Work through the listing below and give again exactly the lines from the one with "LEXAN PC EXRL0495物性表" to the one with "É aí que entram", both ends included. All other lines and all pictures stay out.

## Dataset entries

● ● ● ● ● ● ●

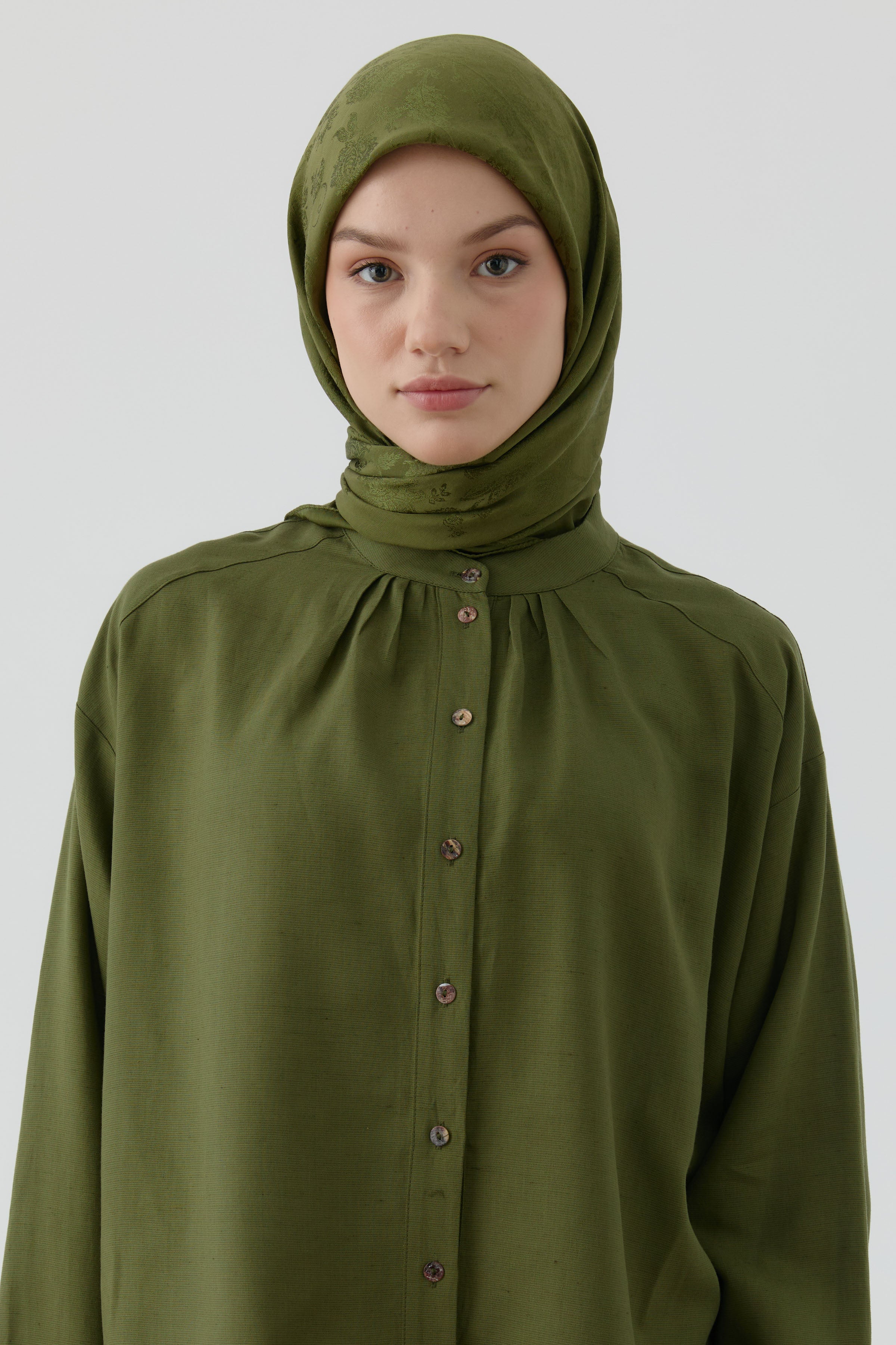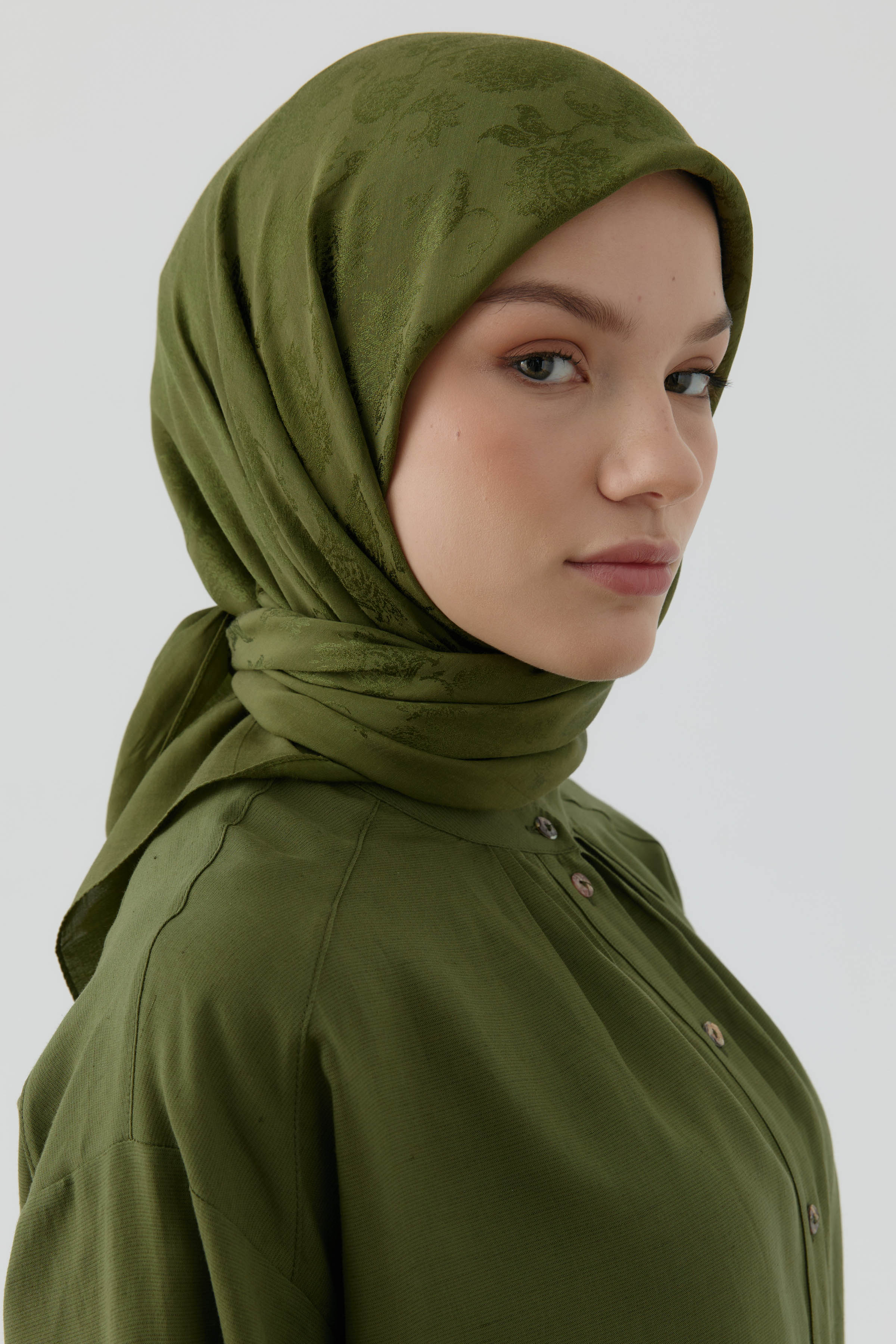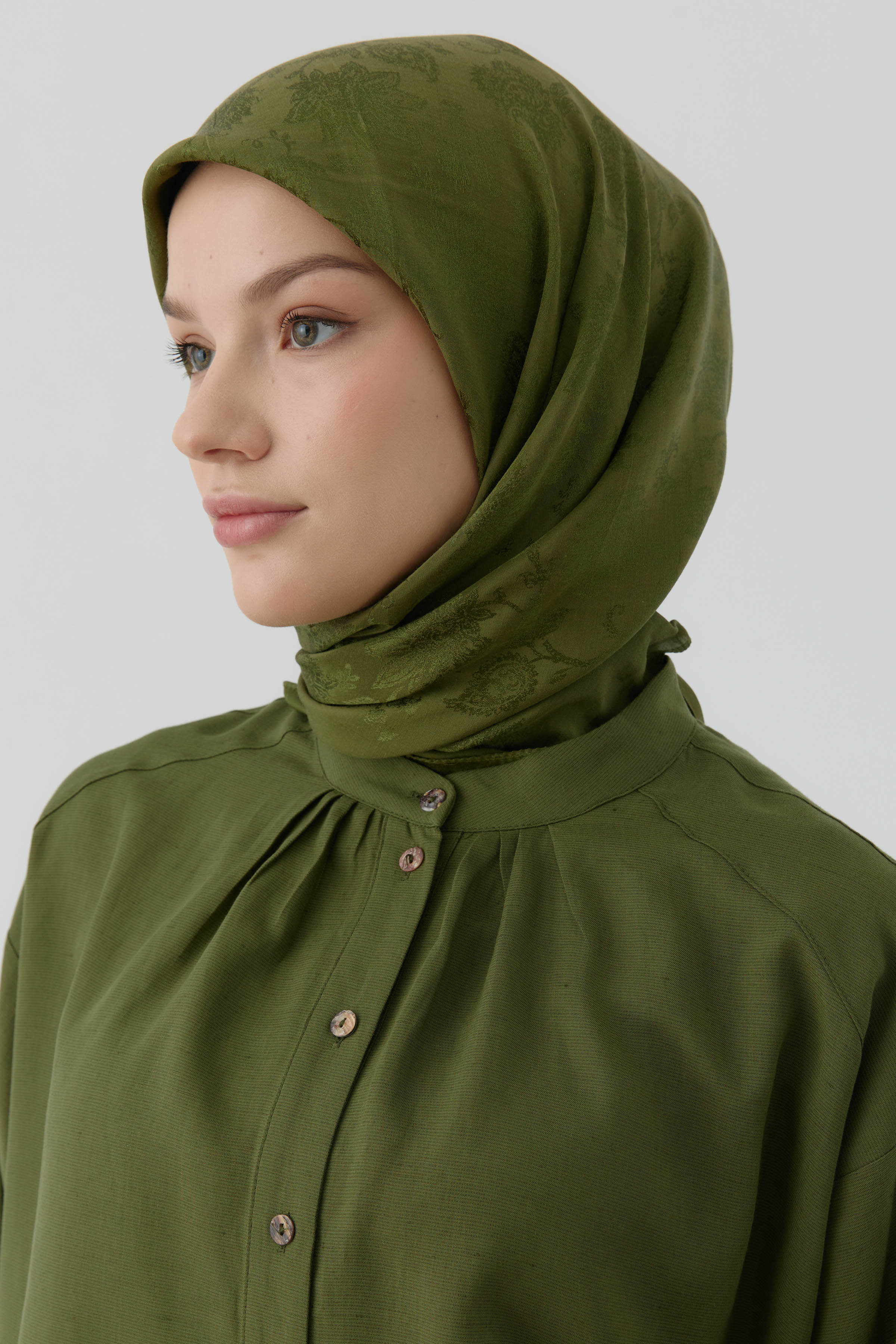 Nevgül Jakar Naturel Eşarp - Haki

● ● ● ● ● ● ●

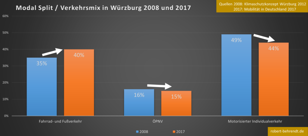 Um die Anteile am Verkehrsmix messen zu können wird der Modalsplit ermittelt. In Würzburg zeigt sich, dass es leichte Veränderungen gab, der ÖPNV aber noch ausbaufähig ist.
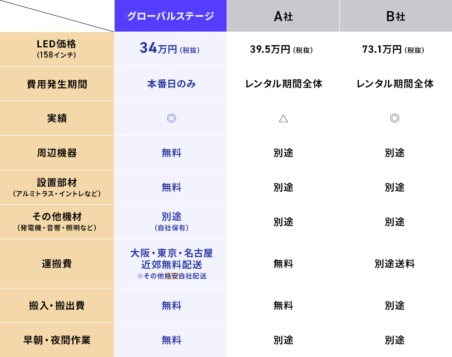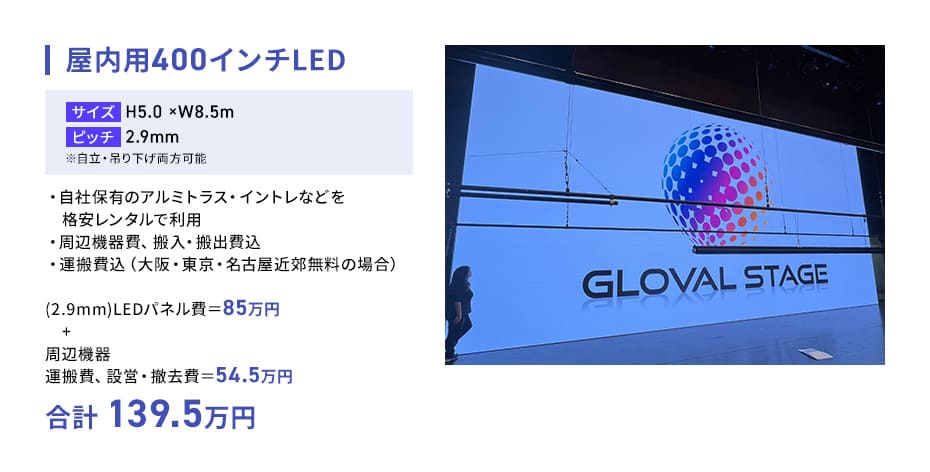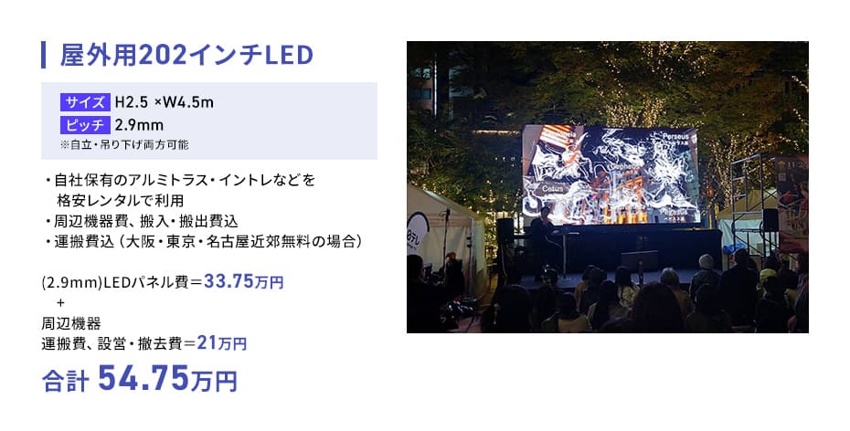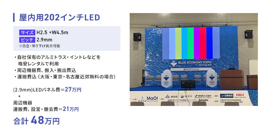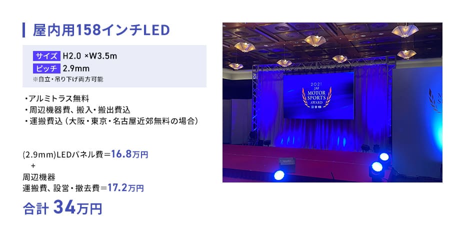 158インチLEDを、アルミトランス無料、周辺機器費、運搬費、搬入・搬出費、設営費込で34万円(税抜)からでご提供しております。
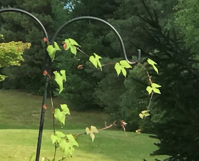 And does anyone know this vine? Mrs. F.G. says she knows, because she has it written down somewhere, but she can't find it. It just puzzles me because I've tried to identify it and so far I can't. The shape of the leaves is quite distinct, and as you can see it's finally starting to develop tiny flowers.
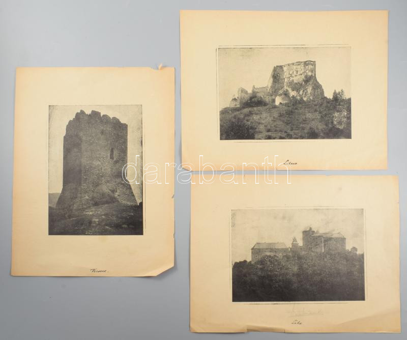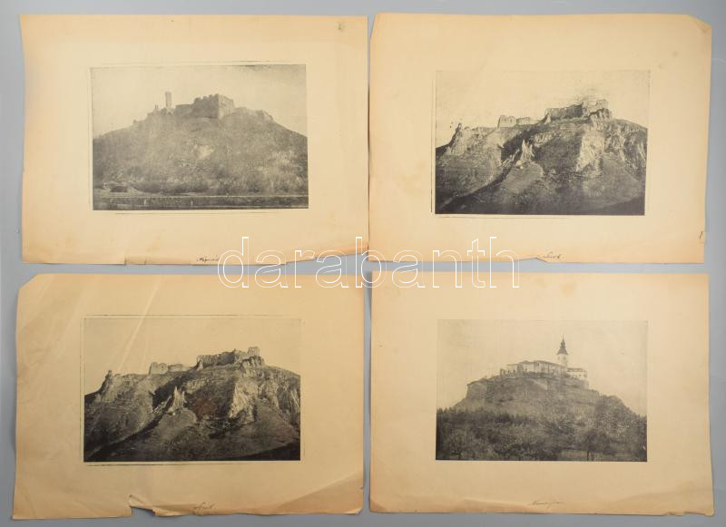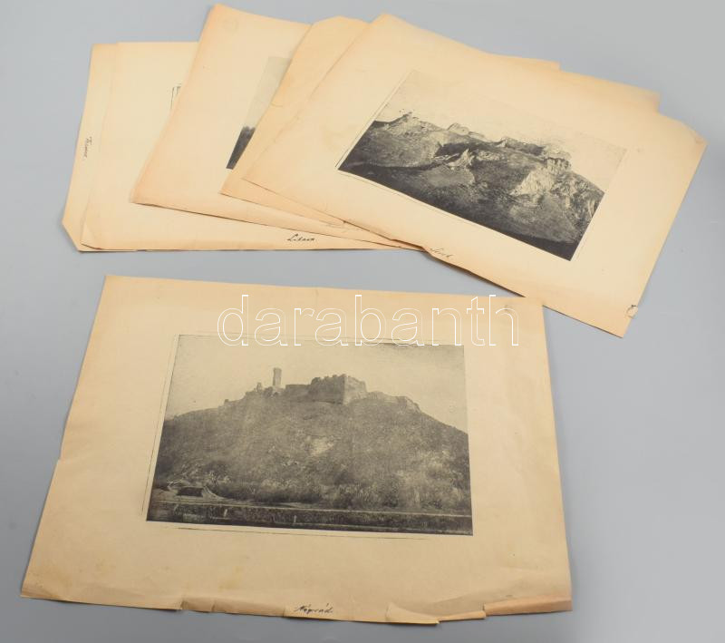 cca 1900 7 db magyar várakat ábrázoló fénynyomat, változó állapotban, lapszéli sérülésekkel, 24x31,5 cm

● ● ● ● ● ● ●

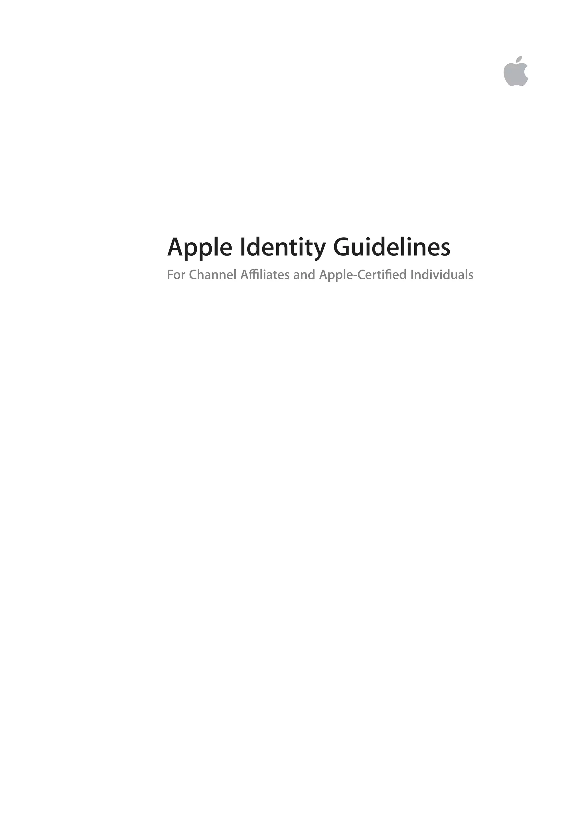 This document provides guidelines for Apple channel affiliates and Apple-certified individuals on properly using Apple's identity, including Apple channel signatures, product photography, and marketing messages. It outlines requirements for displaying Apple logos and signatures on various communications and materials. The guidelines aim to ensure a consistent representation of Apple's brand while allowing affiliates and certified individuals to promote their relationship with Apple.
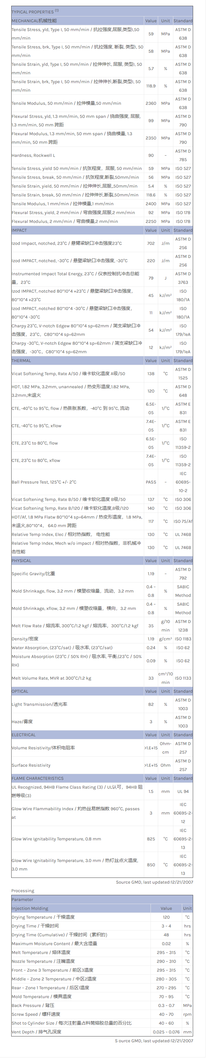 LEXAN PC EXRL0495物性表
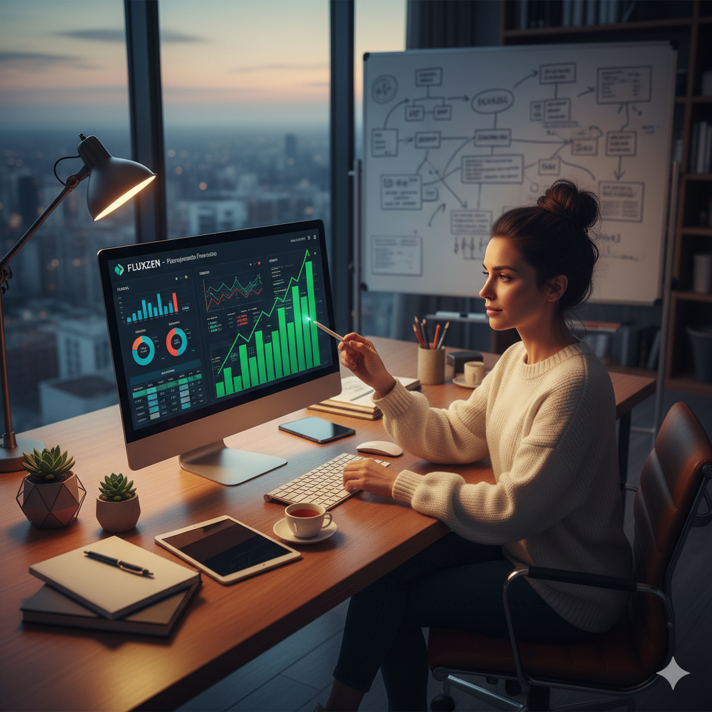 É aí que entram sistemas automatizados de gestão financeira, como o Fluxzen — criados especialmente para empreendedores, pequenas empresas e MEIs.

● ● ● ● ● ● ●

## Task answer
 LEXAN PC EXRL0495物性表
 É aí que entram sistemas automatizados de gestão financeira, como o Fluxzen — criados especialmente para empreendedores, pequenas empresas e MEIs.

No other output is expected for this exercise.